Moving beyond P values: Everyday data analysis with estimation plots

Joses Ho, Tayfun Tumkaya, Sameer Aryal, Hyungwon Choi, Adam Claridge-Chang

Preprint posted on July 26, 2018

Article now published in Nature Methods at

A visual, intuitive and widely accessible tool could finally help us move from asking “does it?” to “how much?”

Selected by Gautam Dey


Statistical analysis in the biological sciences has long been dominated by null-hypothesis significance testing (NHST). Statisticians and quantitatively-minded biologists alike have been crying themselves hoarse about the fallacies and intrinsic limitations associated with this approach for, believe it or not, approximately 75 years1,2. Unfortunately, there has been little consensus on the practical steps needed to achieve significant reform.

The authors illustrate the key limitations of NHST as well as their proposed solution using an experimental setup we are all too familiar with: one containing two groups of data points, representing a control and a test/intervention sample. Such an experiment would be traditionally visualized using bar graphs (Fig 1A), box plots (Fig 1B) or perhaps scatterplots (Fig 1C) and analyzed by a Student’s t-test or related NHST variant.

Figure 1: Reproduced from Figure 1 of Ho et al. 2018 under a CC-BY-NC-ND 4.0 international license. 2-groups data represented by bar plots (A), box plots (B), and scatter plots with jitter (C). (D) Histogram-like scatter plots with jitter, with null-hypothesis distribution and p-value (red segment). (E) Estimation plot with difference of means distribution and 95% CI (red line).


What is wrong with the status quo?  

  • The NHST focuses purely on a binary decision3 to accept or reject the null hypothesis (that the means of both groups are identical) and diverts attention away from the actual effect size; this is emphasized by bar plots and only moderately mitigated by box and scatter plots.
  • Visualizing the null distribution and the p-value threshold (Fig 1D, red tail) helps drive home the issues with NHST. First, even an infinitesimally small intervention to any real system will produce at least some effect, making the zero-effect hypothesis intrinsically flawed4. Second, since the p-value threshold (usually 0.05) actually lies within the tail of the null distribution, we are concluding that control and test samples are different by demonstrating that they are sometimes the same!


How to fix it?

  • Estimation plots focus on the difference of means (Fig 1E). The visual representation helps focus attention on the effect size, which is what we (should) actually care about. The 95% confidence interval5 (red bar in Fig 1E), that encompasses the bulk of the ∆ sampling-error distribution (by definition), is more intuitively grasped and much better behaved than the p-value. In this case, we are concluding that control and test samples are different by demonstrating that they are almost always different.
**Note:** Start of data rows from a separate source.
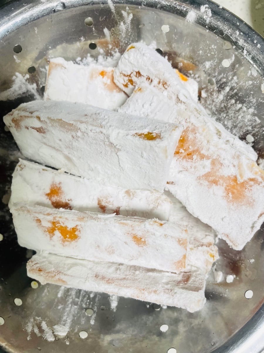 調味包皮:在南瓜條中加入少量鹽,拌勻調味,再均勻裹上薯仔澱粉,備用。
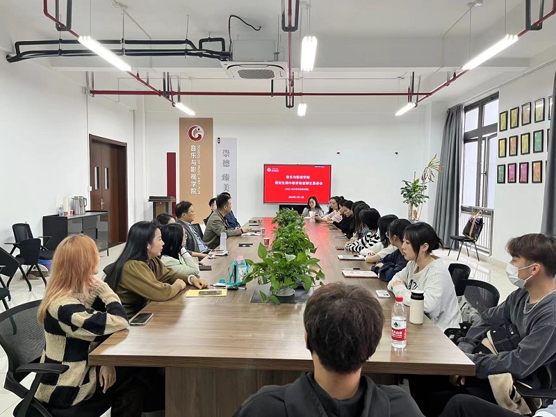 为进一步加强研究生教学管理,提高教学质量,2022年11月11日,音乐与影视学院在立行楼442会议室召开研究生期中教学检查师生恳谈会。学院院长熊祖鹏、副院长赵一兆、校督导王琳、任课老师代表及2022级全体研究生参会。会议由艺术硕士(音乐)学科负责人王成文教授主持。
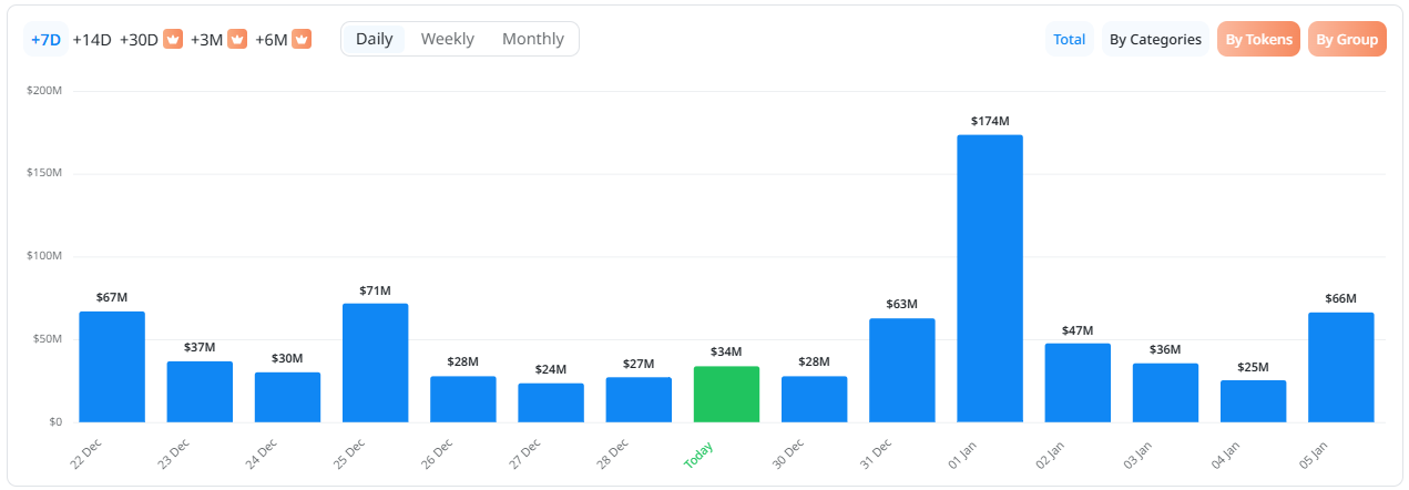 크립토랭크 집계에 따르면 12월 29일부터 1월 4일까지 일주일 동안 총 약 4억700만 달러 상당의 토큰이 시장에 풀릴 예정이다.

Why I chose this preprint  

I loved this preprint! The estimation plot provides a complete yet visually accessible description of the data- and working through the steps in Figure 1 has given me a visual framework to interpret what I thought I understood about hypothesis testing. More importantly, the authors go to great lengths to make estimation plotting broadly accessible- by providing 5 different ways in which to create them, ranging from Python code to a handy web tool that requires no programming experience whatsoever. Go ahead- try it out!



  1. Berkson, J. Tests of Significance Considered as Evidence. J. Am. Stat. Assoc. 37, 325–335 (1942).
  2. Halsey, L. G., Curran-Everett, D., Vowler, S. L. & Drummond, G. B. The fickle P value generates irreproducible results. Nat. Methods 12, 179–185 (2015).
  3. McShane, B. B. & Gal, D. Statistical Significance and the Dichotomization of Evidence. J. Am. Stat. Assoc. 112, 885–895 (2017).
  4. Cohen, J. The earth is round (p < .05). Am. Psychol. 49, 997–1003 (1994).
  5. Cumming, G. Understanding The New Statistics. (Routledge, 2011). doi:10.4324/9780203807002

Tags: quantitative biology, significance testing, statistics for biology

Posted on: 1st August 2018 , updated on: 3rd August 2018

Read preprint (5 votes)

  • A brief interview with the authors

    Joses Ho and Adam Claridge-Chang shared

    Could you tell us a little bit about how the project started? For example, was the tool a side effect of your ongoing work on estimation statistics, motivated by the needs of other research projects in the group, or a directed effort to address a general shortcoming in the field?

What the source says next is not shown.